[Data entries]
_____

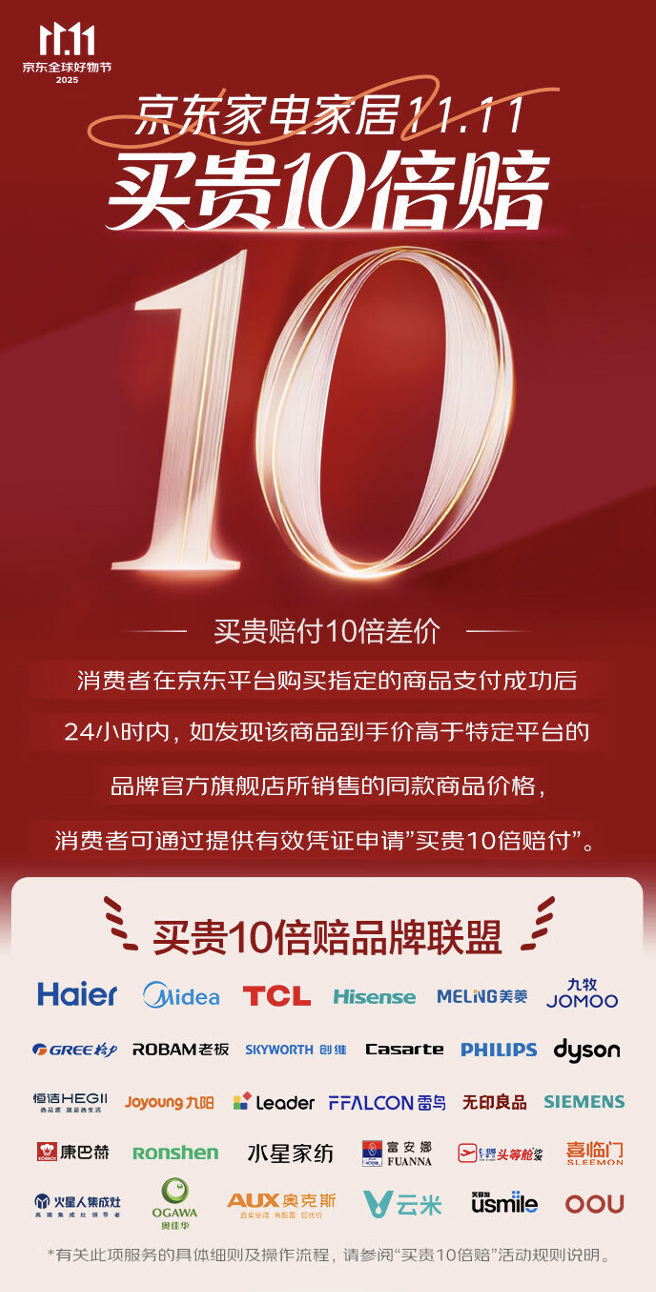 空调、电视、床垫怕买“亏” 京东11.11推出家电家居“买贵10倍赔”
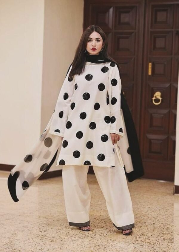 ZARQASH’s beautiful Chicken Kari cotton ensemble features intricate embroidery and elegant details
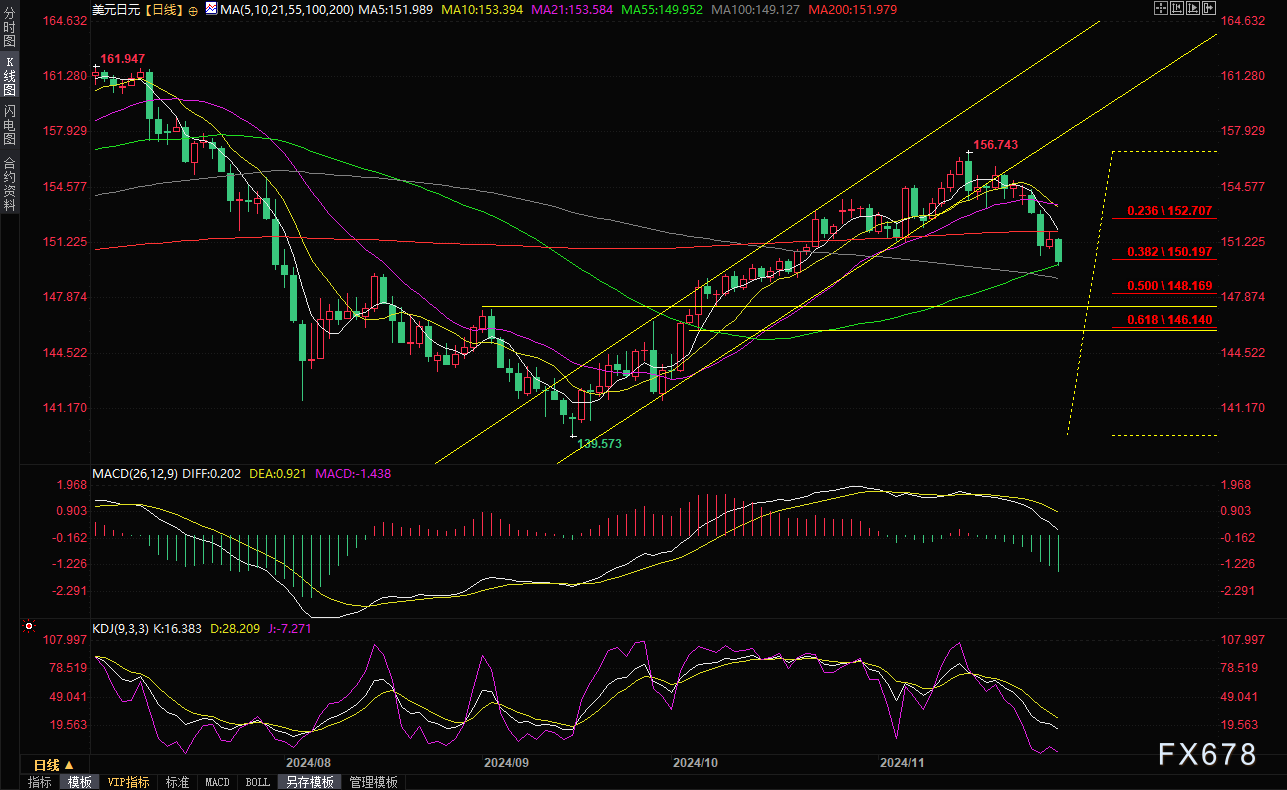 上方阻力11月27日低点在150.47;200日均线和5日均阻力在152.00附近。如果意外强势回升至该位置上方,则削弱后市看空信号。
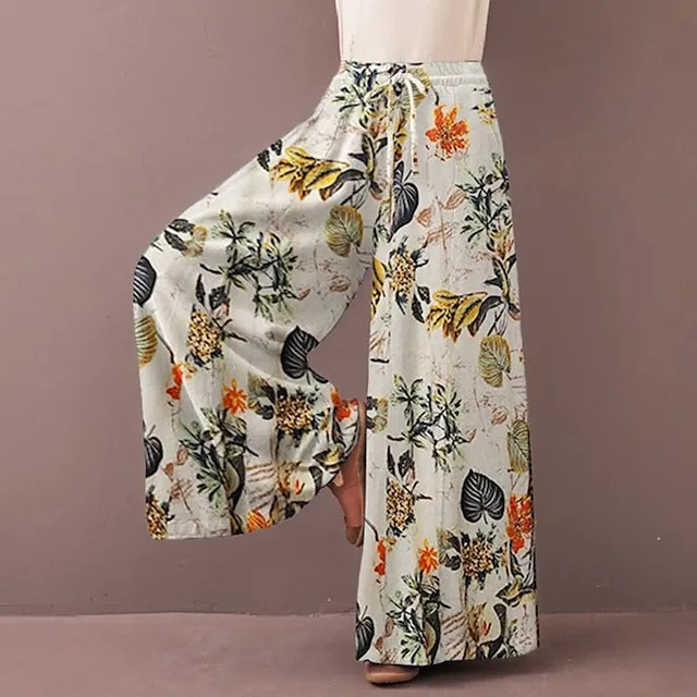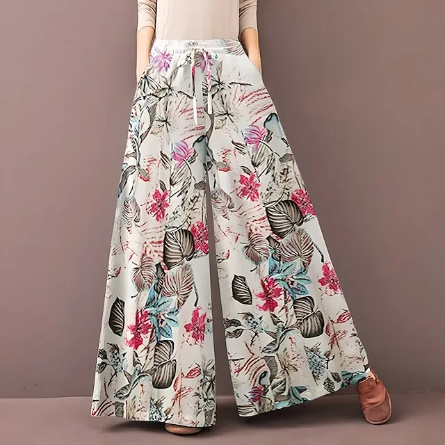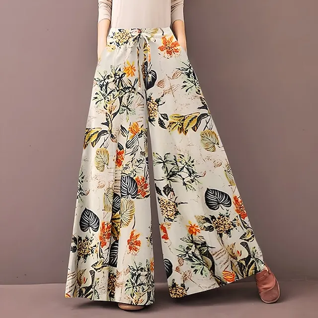 Women’s Culottes Wide Leg Wide Leg Pants Trousers Flower / Floral Side Pockets Baggy Full Length Mid Waist Fashion Casual Weekend Yellow Red S M Summer Spring & Fall
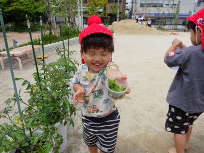 幼稚園には、ミントの葉がたくさん生えていますが、年長のお兄さんお姉さんがやっていた様子を真似しながらつくっている子もいました。

_____

**WORK REQUIRED**. A faithful copy is needed: reproduce all of the data above, leaving the pictures out.

**RESPONSE BELOW**.
 空调、电视、床垫怕买“亏” 京东11.11推出家电家居“买贵10倍赔”
 ZARQASH’s beautiful Chicken Kari cotton ensemble features intricate embroidery and elegant details
 上方阻力11月27日低点在150.47;200日均线和5日均阻力在152.00附近。如果意外强势回升至该位置上方,则削弱后市看空信号。
 Women’s Culottes Wide Leg Wide Leg Pants Trousers Flower / Floral Side Pockets Baggy Full Length Mid Waist Fashion Casual Weekend Yellow Red S M Summer Spring & Fall
 幼稚園には、ミントの葉がたくさん生えていますが、年長のお兄さんお姉さんがやっていた様子を真似しながらつくっている子もいました。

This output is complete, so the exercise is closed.